# Bescheid drucken



## skyllas (3. Nov 2005)

Hi,

Ich habe eine Software basierend auf Struts entwickelt. Jetzt muss ich noch eine Möglichkeit implementieren, wie man eine entsprechenden Bescheid ausdrucken kann. Hat da jemand eine gute Idee, wie man das einfach lösen kann?

regards
roman


----------



## DP (3. Nov 2005)

z.b. mit itext oder jedem anderen report-generator


----------



## skyllas (3. Nov 2005)

Gibts da auch code-samples dafür?? - bzw. wie sieht dann ein Befehl aus um ein pdf zu drucken, finde da keine Klasse dafür...

danke im voraus

lg
skyllas


----------



## DP (3. Nov 2005)

google?

du erstellst deine formulare mit einem gesigner oder direkt xml und füllst diese zur laufzeit mit beans.
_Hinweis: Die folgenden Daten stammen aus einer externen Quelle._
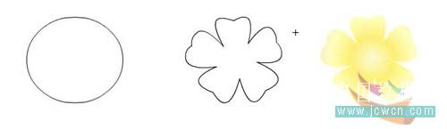 (1)图层1(改名为“花”)图层,用椭圆工具,笔触颜色随意,填充色禁止,画一95*85椭圆。按下"ALT"键在圆周上打五个节点,然后用黑箭头工具调整成花瓣形状。填充放射状颜色,从左到右排列色码:#FCF8CF #FEEF67 #FFFFBB #F8EDC2,填充后删除笔触。如图所示:
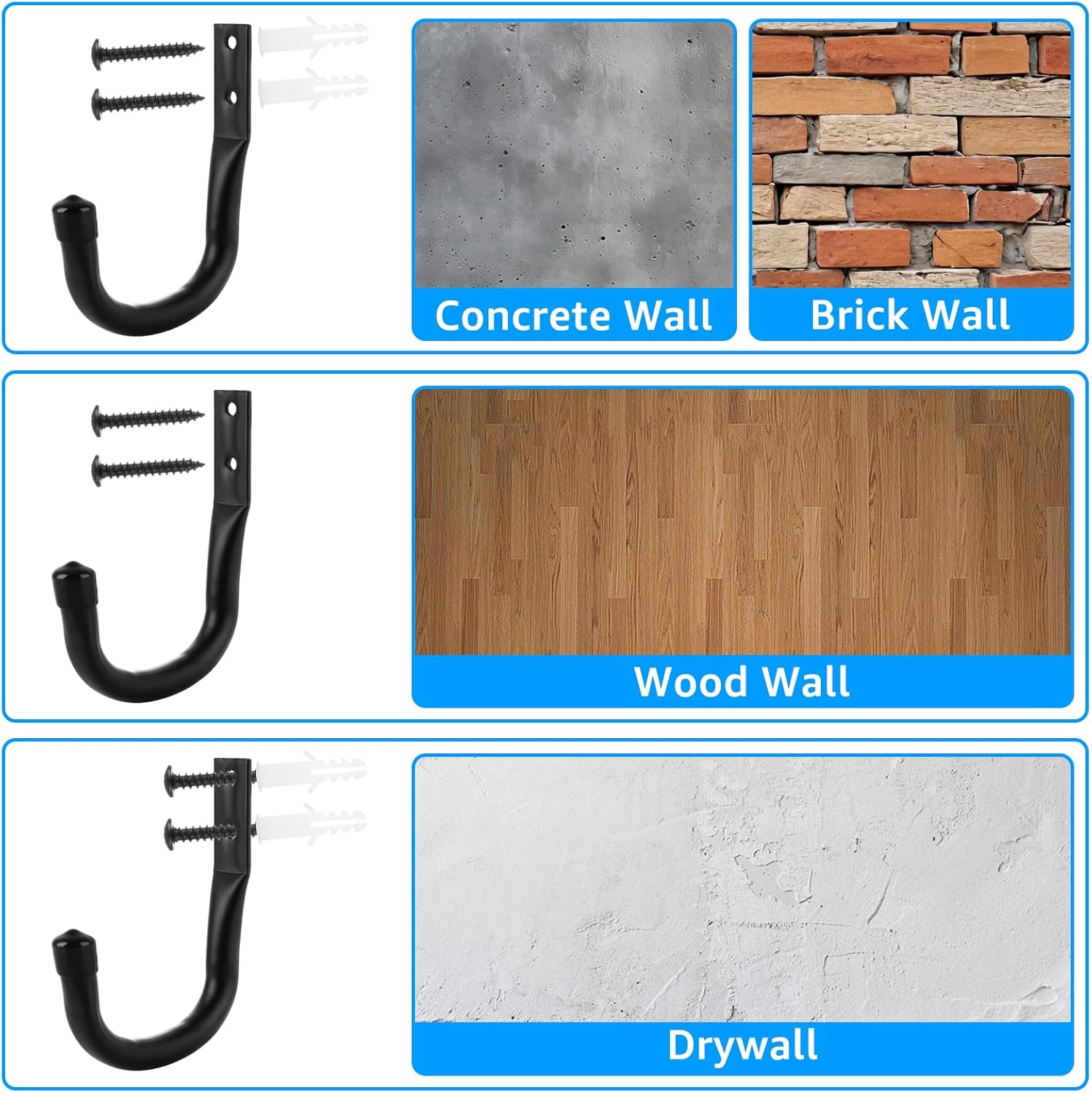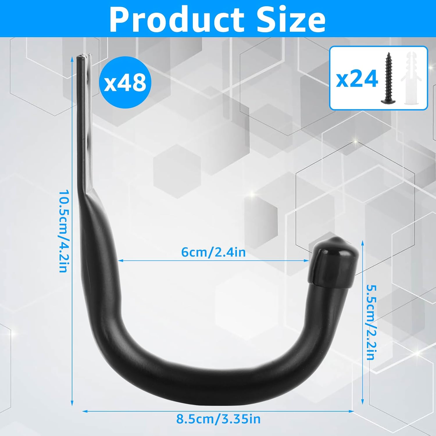 - SPECIFICATIONS:Our garage storage hooks set shipped as 24 pack, 48 wall Anchors, and 48 screws, hook size: 4.2in x 3.35in(L x W).
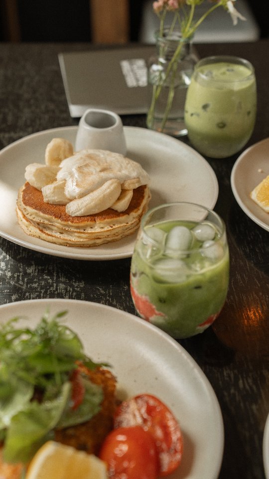 buttermilk pancakes served with fresh banana, yoghurt & organic maple syrup
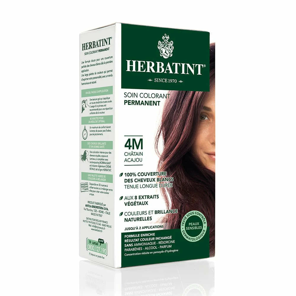 Découvrez la coloration naturelle châtain acajou 4M, 150ml de chez Herbatint.
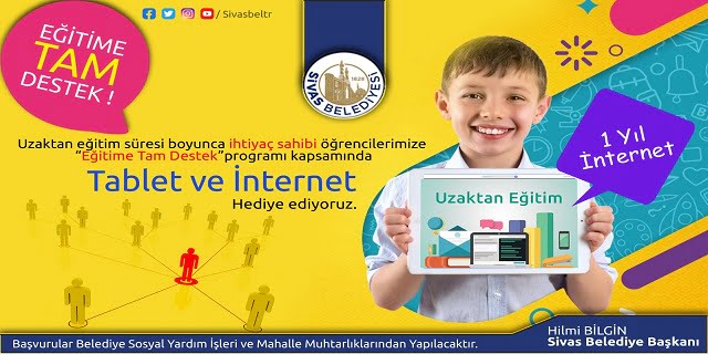 Sivas Belediyesi uzaktan eğitime destek amacıyla muhtaç ailelere tablet ve internet dağıtıyor. Peki Sivas Belediyesi’nin tablet ve internet kampanyasına nasıl başvurulur? Yardım kampanyasına nasıl katılabiliriz?
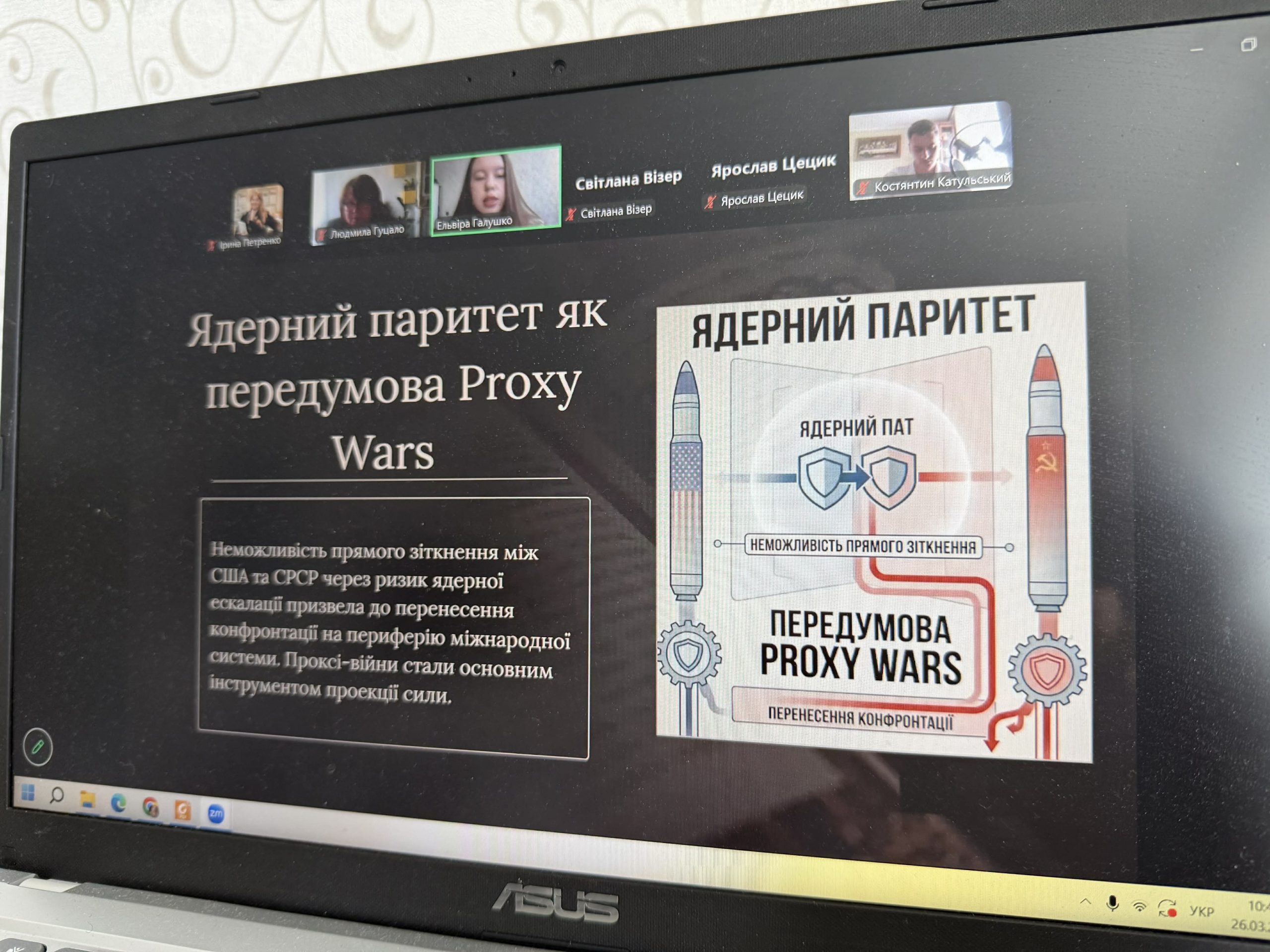 Здобувачка І курсу другого (магістерського) рівня вищої освіти Ельвіра Галушко мала честь відкрити пленарне засідання, де представила доповідь «Біполярна модель міжнародної системи як фактор інституціоналізації регіональних конфліктів». Ця тема досліджує, як протистояння двох наддержав (США та СРСР) під час Холодної війни перетворювало локальні суперечки на тривалі, структуровані конфлікти. Ельвіра Галушко у своєму виступі наголосила, що біполярна система зробила регіональні конфлікти частиною світового порядку, перетворивши їх із випадкових сутичок на постійний інструмент великої політики. Доповідь магістрантки викликала жваві дискусії, багато запитань і обговорення.
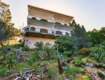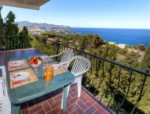 3-huoneen huoneisto kahdessa tasossa, 60 m2, 1. kerroksessa. Käytännöllisesti sisustettu: olo/ruokailuhuone, 20 m2, TV, litteänäyttö ja DVD. Keittiö (uuni). Yläkerrassa: 1 huone, 1 kapea parisänky. 1 huone, 2 vuodetta. Kylpy/WC. Terassi 12 m2. Terassikalusteita. Erittäin kaunis panoraamanäkymä merelle. Käytettävissä: pesukone. Huomioitavaa: enintään 1 lemmikki/koira sallittu. TV vain ES, FR. HUTG010925- Laitteet
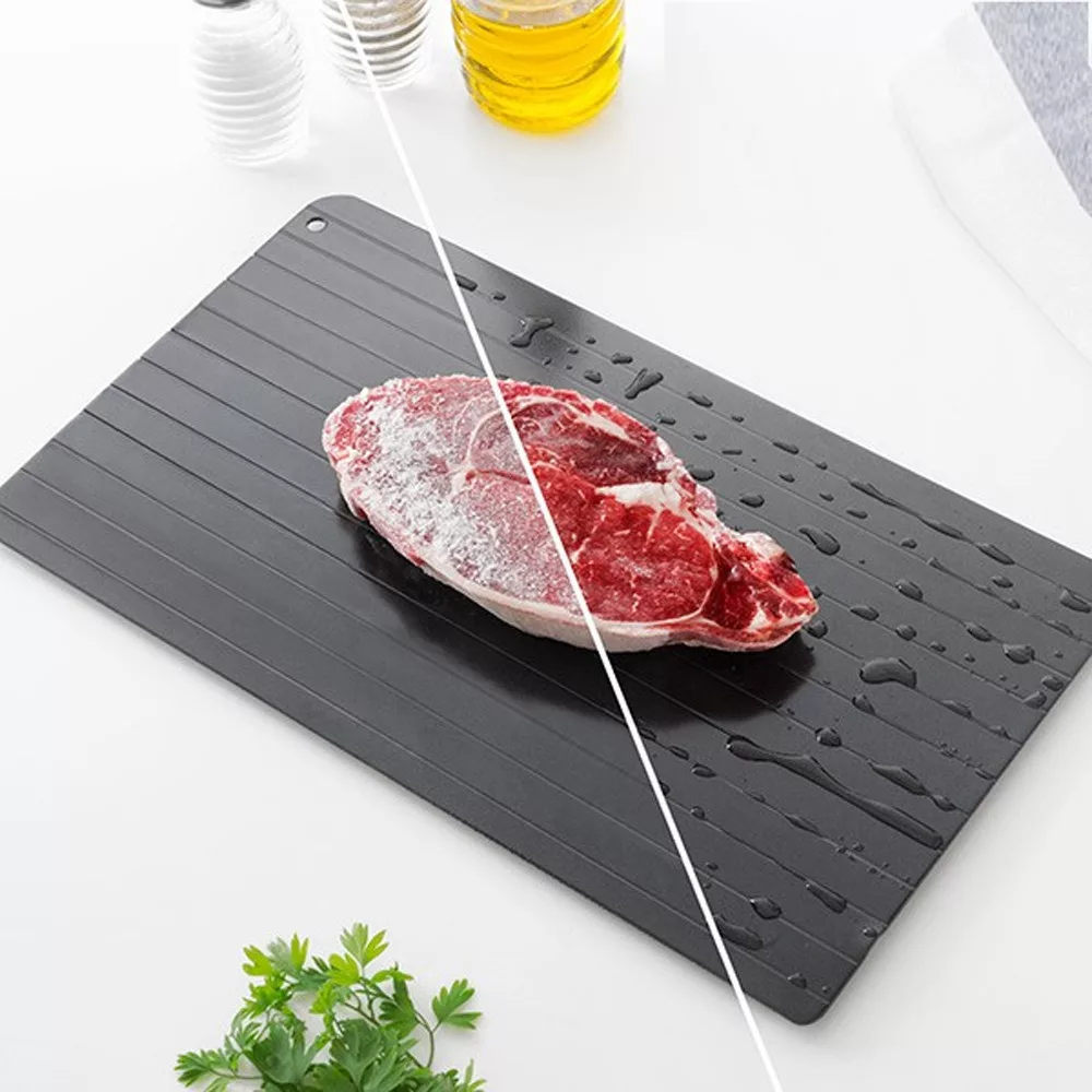 Egy igazán hasznos tálca, amellyel gyorsan kiolvaszthatsz húst, halat, vagy bármely más ételt. Magas hővezető képessége csökkenti az étel kiolvasztás idejét villamos energia nélkül, így sokkal természetesebb és megfizethetőbb kiolvasztó módszer, mint a sütő, vagy a mikró használata. Egyszerűen helyezd a fagyasztott ételt a tapadásmentes fém tálcára és négyszer gyorsabban fog felengedni anélkül, hogy elveszítené tulajdonságait és a tápanyagait.

bei den frameworks sind meistens samples dabei.


----------



## skyllas (4. Nov 2005)

naja das problem dass ich derzeit habe ist, wie der druckprozess aussehen soll...


----------



## Bleiglanz (4. Nov 2005)

zuerst mal würde ich mich mit CSS beschäftigen

die dynamische PDF Erstellung ist nicht ganz ohne, für kleinere Sachen reicht auch eigens hergestelltes druckbares HTML


----------



## skyllas (4. Nov 2005)

Ja ich denke auch, dass das völlig ausreicht....kennt jemand tutorials dazu?


----------



## Bleiglanz (4. Nov 2005)

http://aktuell.de.selfhtml.org/tippstricks/css/drucklayout/


----------



## Ramos (9. Nov 2005)

hier ist ein wirklich gutes Tutoriol zum erstellen von PDFs

http://www.lowagie.com/iText/tutorial/


----------



## skyllas (13. Nov 2005)

Beschäftige mich jetzt schon länger mit dem drucken, nur läuft das bei mir noch nicht ganz rund - wenn ich jetzt ein html-dokument habe, also zB.

<html>
<title></title>
<body>
<table>
<tr><td>Test</td><td>Application</td>
<tr><td>Hallo Test Applcation</td>
</table>
</body>
</html>


wie kann man jetzt am einfachsten dieses html in einem druckbaren layout ausdrucken?

mfg
mani


----------